[Items from a data source]
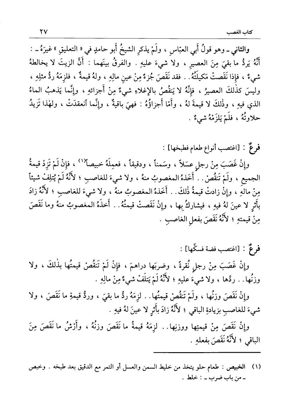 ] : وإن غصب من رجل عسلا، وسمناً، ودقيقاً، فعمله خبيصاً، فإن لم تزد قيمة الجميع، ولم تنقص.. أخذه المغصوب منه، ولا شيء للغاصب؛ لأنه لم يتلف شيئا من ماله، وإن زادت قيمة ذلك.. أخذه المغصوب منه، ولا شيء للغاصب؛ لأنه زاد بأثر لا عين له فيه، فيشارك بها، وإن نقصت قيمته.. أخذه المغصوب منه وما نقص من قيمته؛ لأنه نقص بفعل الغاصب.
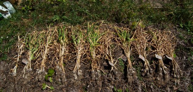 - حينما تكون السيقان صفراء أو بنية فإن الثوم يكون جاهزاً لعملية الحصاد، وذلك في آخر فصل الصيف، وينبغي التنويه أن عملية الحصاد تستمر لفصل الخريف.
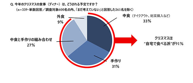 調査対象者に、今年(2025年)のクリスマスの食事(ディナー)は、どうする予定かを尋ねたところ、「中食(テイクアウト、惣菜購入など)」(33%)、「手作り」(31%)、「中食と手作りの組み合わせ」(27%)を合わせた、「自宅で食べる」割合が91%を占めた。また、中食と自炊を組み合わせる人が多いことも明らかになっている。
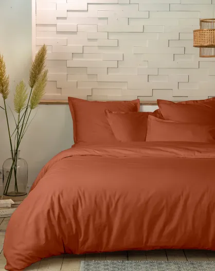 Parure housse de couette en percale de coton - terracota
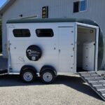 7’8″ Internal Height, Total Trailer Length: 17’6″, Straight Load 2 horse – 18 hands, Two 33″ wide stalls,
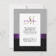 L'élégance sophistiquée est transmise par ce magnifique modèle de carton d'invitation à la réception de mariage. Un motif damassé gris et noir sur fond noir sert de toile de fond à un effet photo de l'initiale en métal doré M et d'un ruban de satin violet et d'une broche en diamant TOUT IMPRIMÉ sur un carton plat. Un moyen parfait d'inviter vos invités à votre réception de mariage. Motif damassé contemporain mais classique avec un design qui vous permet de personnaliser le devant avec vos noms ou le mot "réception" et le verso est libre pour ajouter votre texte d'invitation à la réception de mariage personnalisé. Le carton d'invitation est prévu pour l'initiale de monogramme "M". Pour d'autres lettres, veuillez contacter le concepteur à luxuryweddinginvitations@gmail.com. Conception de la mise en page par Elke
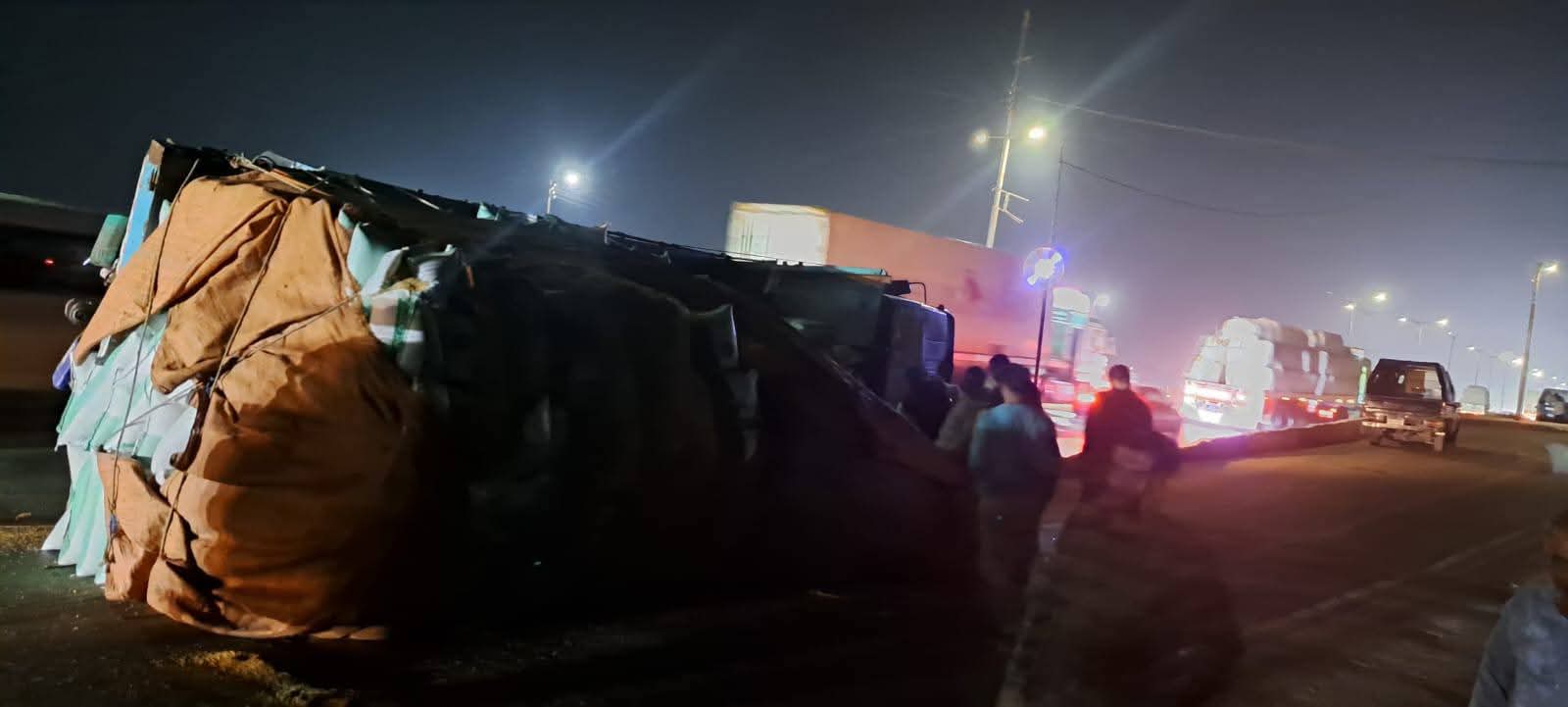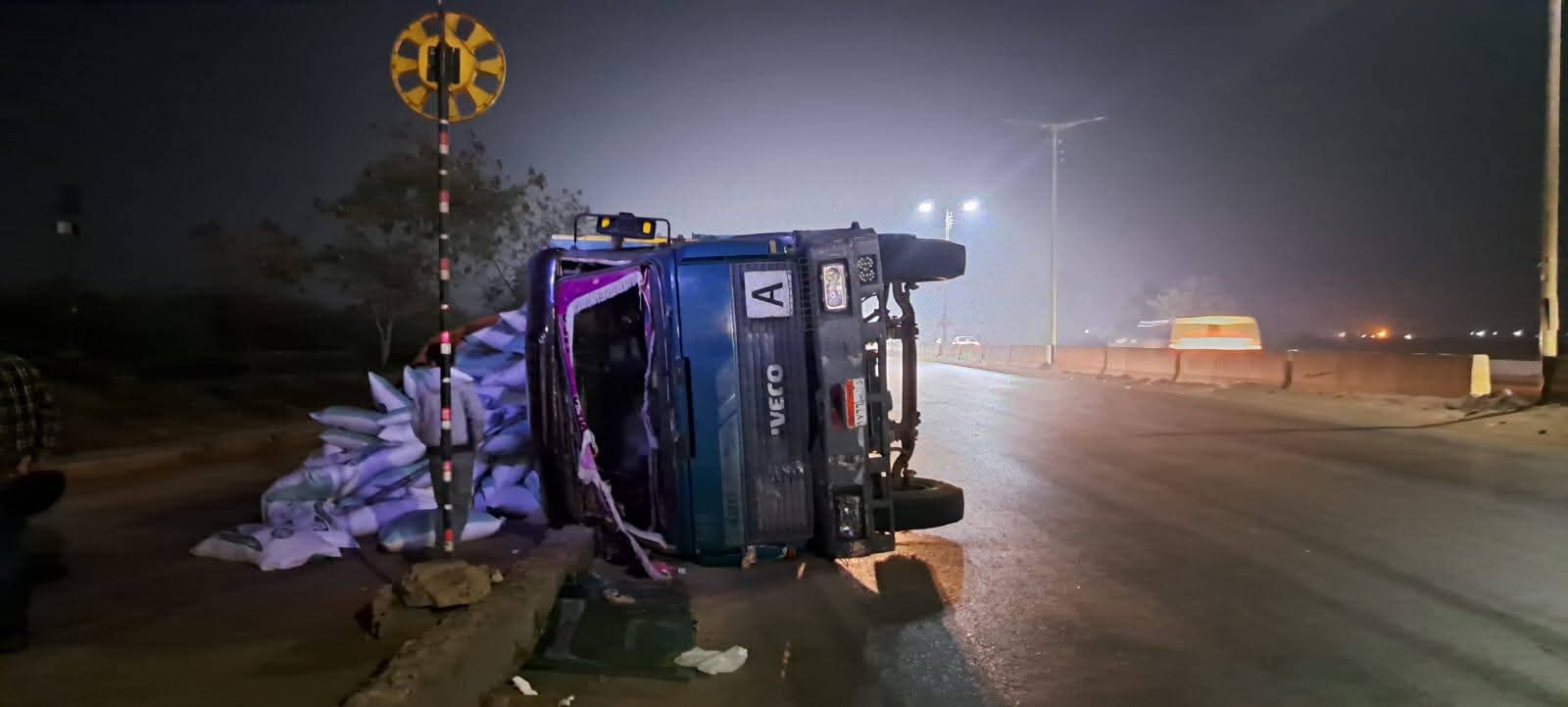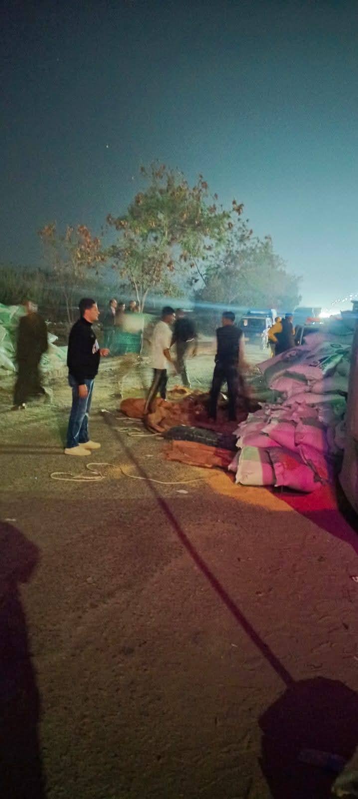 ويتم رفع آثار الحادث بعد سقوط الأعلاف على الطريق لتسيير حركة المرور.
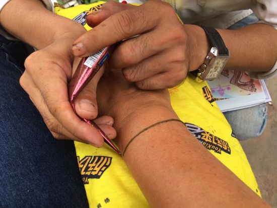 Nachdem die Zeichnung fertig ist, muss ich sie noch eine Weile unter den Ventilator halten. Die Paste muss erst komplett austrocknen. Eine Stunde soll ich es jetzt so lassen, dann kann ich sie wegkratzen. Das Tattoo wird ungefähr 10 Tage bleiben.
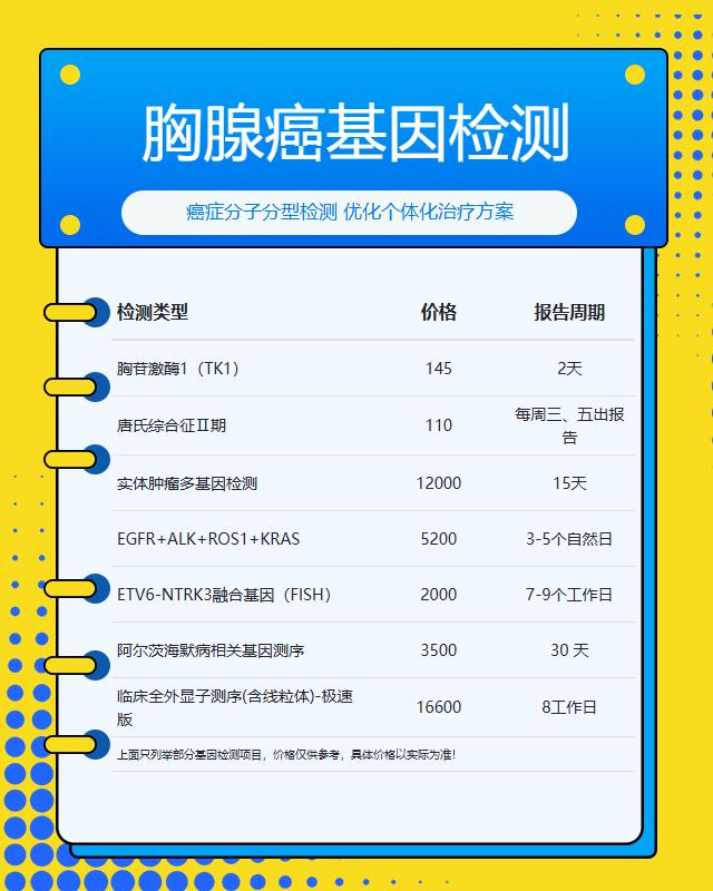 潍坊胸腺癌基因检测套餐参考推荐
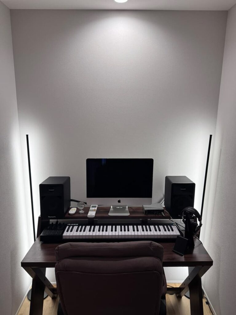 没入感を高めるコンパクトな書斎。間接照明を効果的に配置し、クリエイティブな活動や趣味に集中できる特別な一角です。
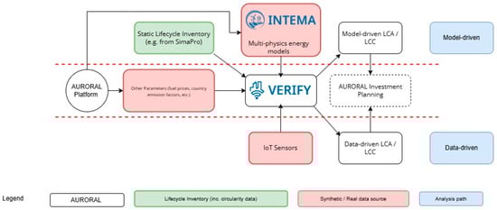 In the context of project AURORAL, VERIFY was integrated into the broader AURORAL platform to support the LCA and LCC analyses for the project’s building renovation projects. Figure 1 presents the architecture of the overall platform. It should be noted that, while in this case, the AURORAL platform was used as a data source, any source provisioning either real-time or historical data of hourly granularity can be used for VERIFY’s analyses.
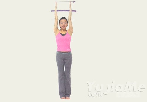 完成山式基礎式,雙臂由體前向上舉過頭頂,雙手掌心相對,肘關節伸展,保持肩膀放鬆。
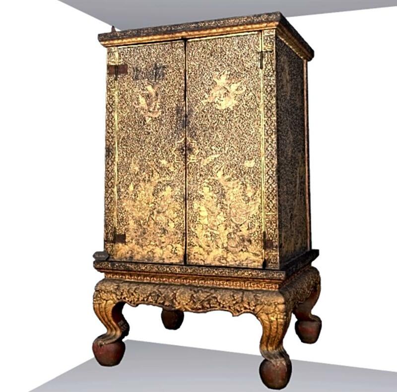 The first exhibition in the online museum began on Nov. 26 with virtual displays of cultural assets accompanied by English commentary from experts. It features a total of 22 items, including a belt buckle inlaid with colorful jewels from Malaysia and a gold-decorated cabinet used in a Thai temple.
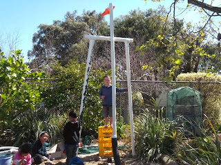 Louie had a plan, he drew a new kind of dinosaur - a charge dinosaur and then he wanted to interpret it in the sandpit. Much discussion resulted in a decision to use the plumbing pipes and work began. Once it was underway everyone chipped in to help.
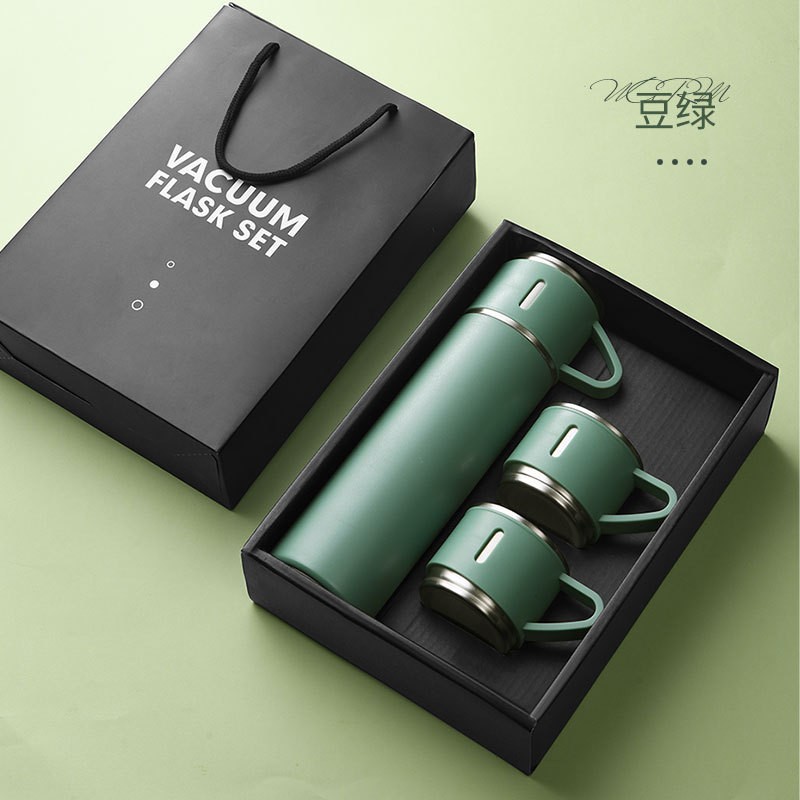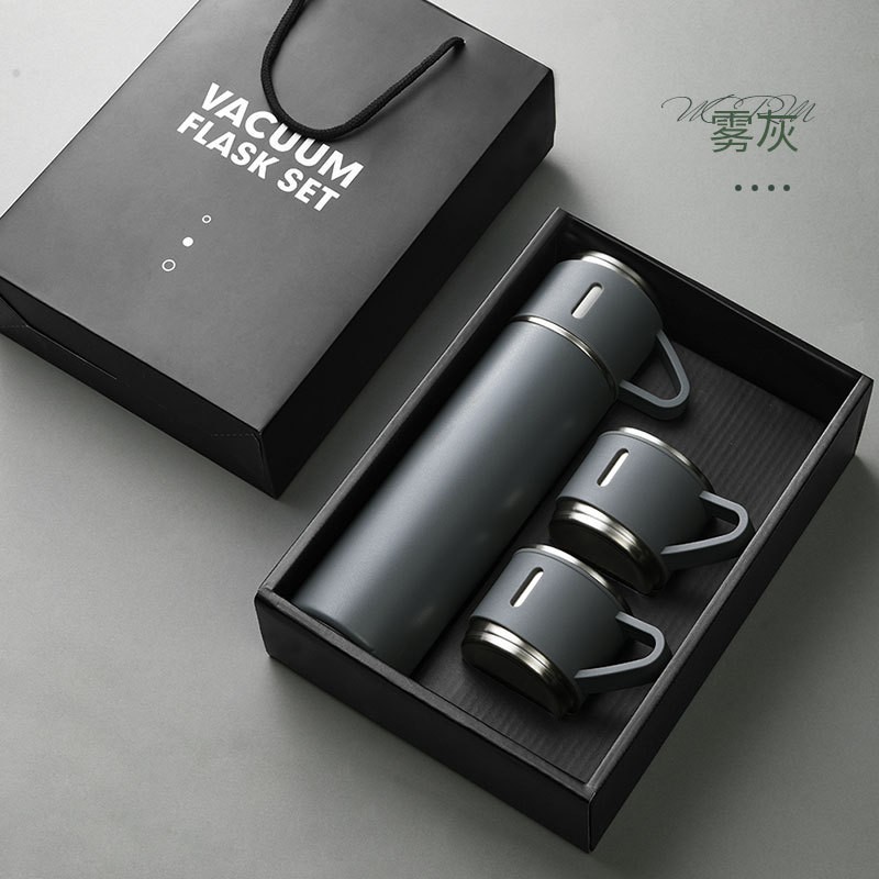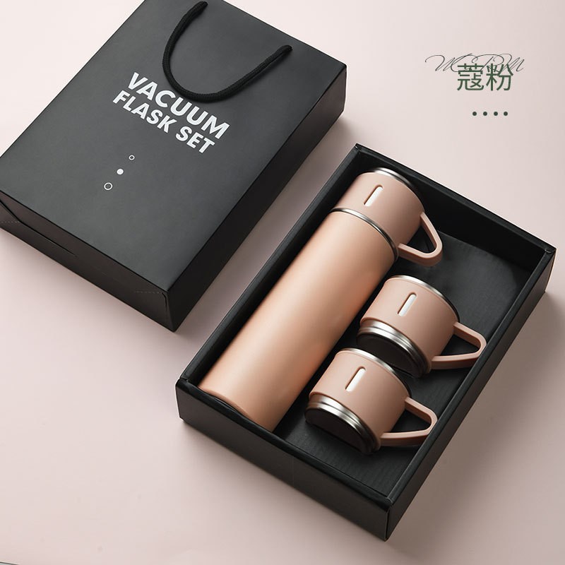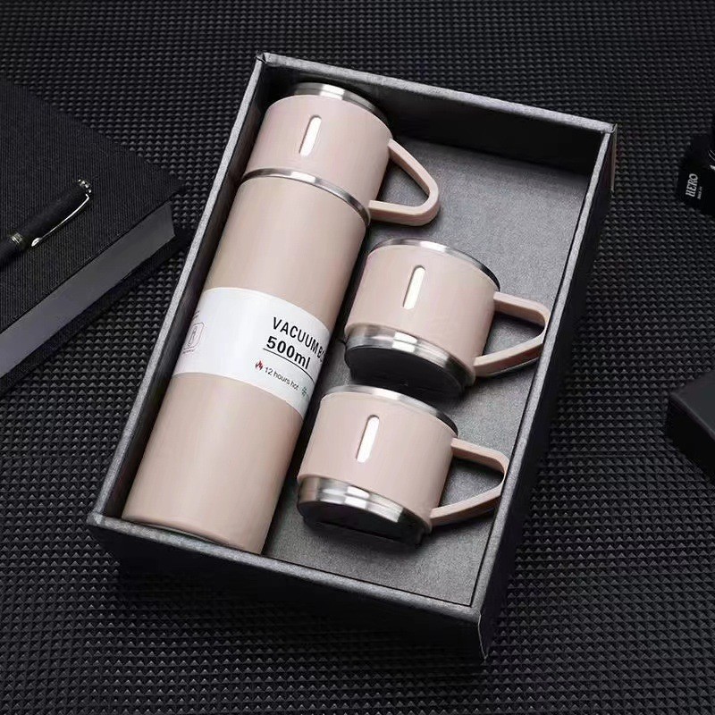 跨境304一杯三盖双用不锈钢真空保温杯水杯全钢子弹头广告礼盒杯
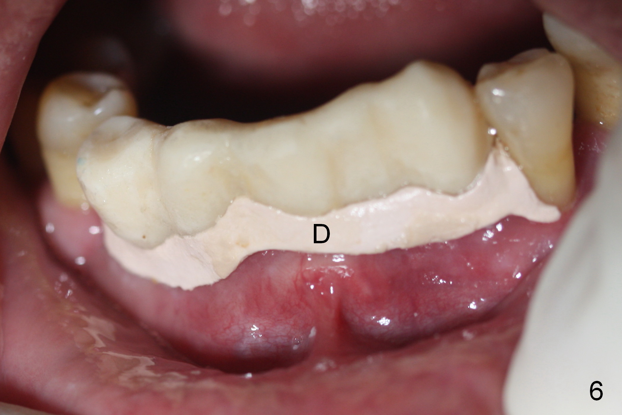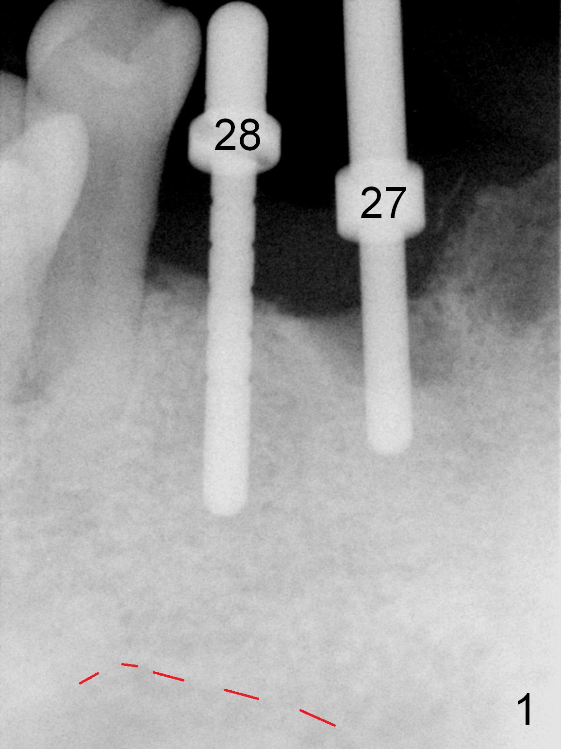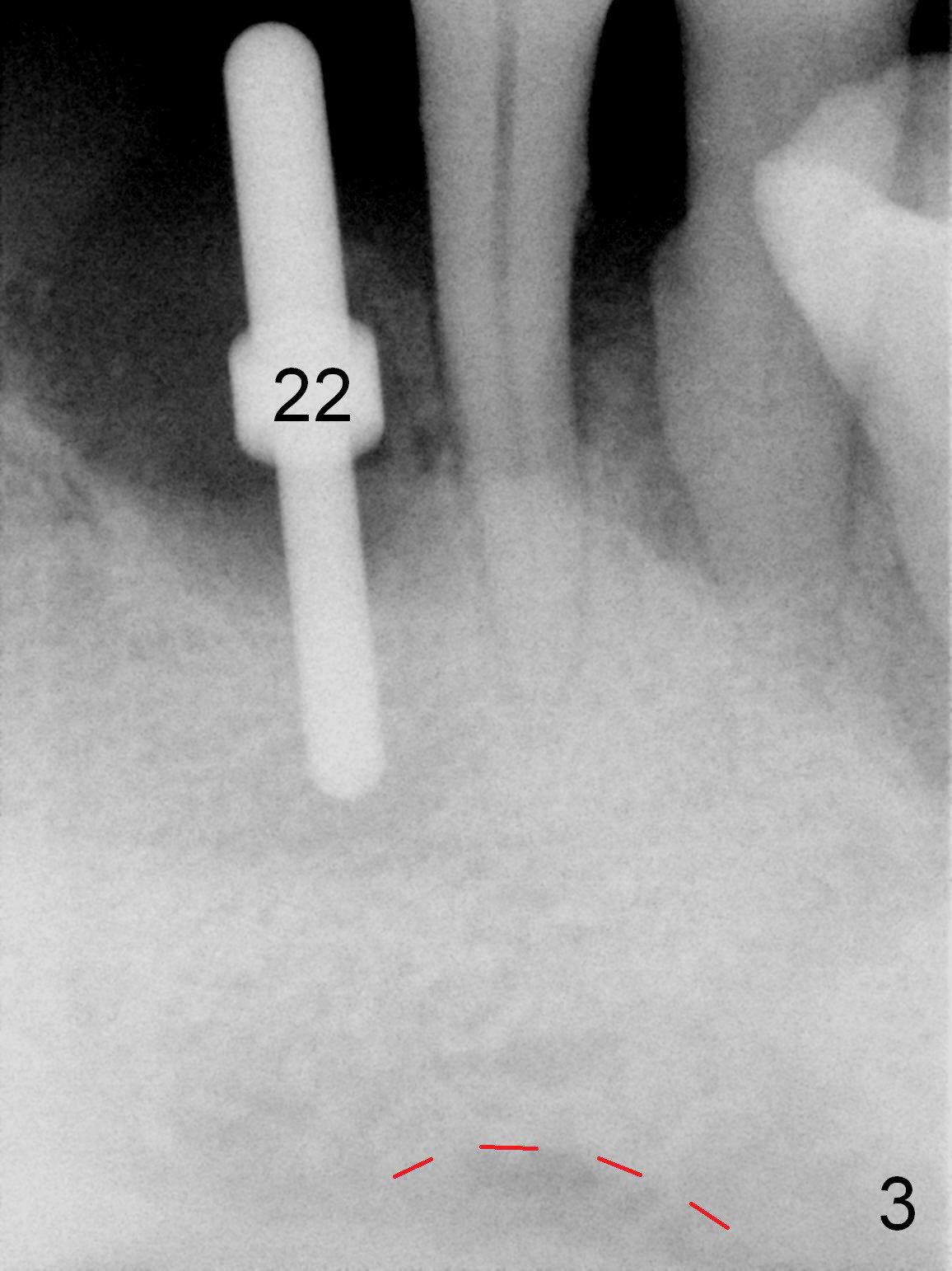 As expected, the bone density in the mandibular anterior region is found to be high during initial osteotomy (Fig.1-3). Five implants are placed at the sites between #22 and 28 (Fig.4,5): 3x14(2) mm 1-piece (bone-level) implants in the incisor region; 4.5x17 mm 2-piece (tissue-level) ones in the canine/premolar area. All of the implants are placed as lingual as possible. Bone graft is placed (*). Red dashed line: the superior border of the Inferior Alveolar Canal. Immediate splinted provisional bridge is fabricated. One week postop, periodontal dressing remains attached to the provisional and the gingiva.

> WORK INSTRUCTIONS
Skip the pictures, then return the rest of the data exactly.

> EXERCISE OUTPUT
 ] : وإن غصب من رجل عسلا، وسمناً، ودقيقاً، فعمله خبيصاً، فإن لم تزد قيمة الجميع، ولم تنقص.. أخذه المغصوب منه، ولا شيء للغاصب؛ لأنه لم يتلف شيئا من ماله، وإن زادت قيمة ذلك.. أخذه المغصوب منه، ولا شيء للغاصب؛ لأنه زاد بأثر لا عين له فيه، فيشارك بها، وإن نقصت قيمته.. أخذه المغصوب منه وما نقص من قيمته؛ لأنه نقص بفعل الغاصب.
 - حينما تكون السيقان صفراء أو بنية فإن الثوم يكون جاهزاً لعملية الحصاد، وذلك في آخر فصل الصيف، وينبغي التنويه أن عملية الحصاد تستمر لفصل الخريف.
 調査対象者に、今年(2025年)のクリスマスの食事(ディナー)は、どうする予定かを尋ねたところ、「中食(テイクアウト、惣菜購入など)」(33%)、「手作り」(31%)、「中食と手作りの組み合わせ」(27%)を合わせた、「自宅で食べる」割合が91%を占めた。また、中食と自炊を組み合わせる人が多いことも明らかになっている。
 Parure housse de couette en percale de coton - terracota
 7’8″ Internal Height, Total Trailer Length: 17’6″, Straight Load 2 horse – 18 hands, Two 33″ wide stalls,
 L'élégance sophistiquée est transmise par ce magnifique modèle de carton d'invitation à la réception de mariage. Un motif damassé gris et noir sur fond noir sert de toile de fond à un effet photo de l'initiale en métal doré M et d'un ruban de satin violet et d'une broche en diamant TOUT IMPRIMÉ sur un carton plat. Un moyen parfait d'inviter vos invités à votre réception de mariage. Motif damassé contemporain mais classique avec un design qui vous permet de personnaliser le devant avec vos noms ou le mot "réception" et le verso est libre pour ajouter votre texte d'invitation à la réception de mariage personnalisé. Le carton d'invitation est prévu pour l'initiale de monogramme "M". Pour d'autres lettres, veuillez contacter le concepteur à luxuryweddinginvitations@gmail.com. Conception de la mise en page par Elke
 ويتم رفع آثار الحادث بعد سقوط الأعلاف على الطريق لتسيير حركة المرور.
 Nachdem die Zeichnung fertig ist, muss ich sie noch eine Weile unter den Ventilator halten. Die Paste muss erst komplett austrocknen. Eine Stunde soll ich es jetzt so lassen, dann kann ich sie wegkratzen. Das Tattoo wird ungefähr 10 Tage bleiben.
 潍坊胸腺癌基因检测套餐参考推荐
 没入感を高めるコンパクトな書斎。間接照明を効果的に配置し、クリエイティブな活動や趣味に集中できる特別な一角です。
 In the context of project AURORAL, VERIFY was integrated into the broader AURORAL platform to support the LCA and LCC analyses for the project’s building renovation projects. Figure 1 presents the architecture of the overall platform. It should be noted that, while in this case, the AURORAL platform was used as a data source, any source provisioning either real-time or historical data of hourly granularity can be used for VERIFY’s analyses.
 完成山式基礎式,雙臂由體前向上舉過頭頂,雙手掌心相對,肘關節伸展,保持肩膀放鬆。
 The first exhibition in the online museum began on Nov. 26 with virtual displays of cultural assets accompanied by English commentary from experts. It features a total of 22 items, including a belt buckle inlaid with colorful jewels from Malaysia and a gold-decorated cabinet used in a Thai temple.
 Louie had a plan, he drew a new kind of dinosaur - a charge dinosaur and then he wanted to interpret it in the sandpit. Much discussion resulted in a decision to use the plumbing pipes and work began. Once it was underway everyone chipped in to help.
 跨境304一杯三盖双用不锈钢真空保温杯水杯全钢子弹头广告礼盒杯
 As expected, the bone density in the mandibular anterior region is found to be high during initial osteotomy (Fig.1-3). Five implants are placed at the sites between #22 and 28 (Fig.4,5): 3x14(2) mm 1-piece (bone-level) implants in the incisor region; 4.5x17 mm 2-piece (tissue-level) ones in the canine/premolar area. All of the implants are placed as lingual as possible. Bone graft is placed (*). Red dashed line: the superior border of the Inferior Alveolar Canal. Immediate splinted provisional bridge is fabricated. One week postop, periodontal dressing remains attached to the provisional and the gingiva.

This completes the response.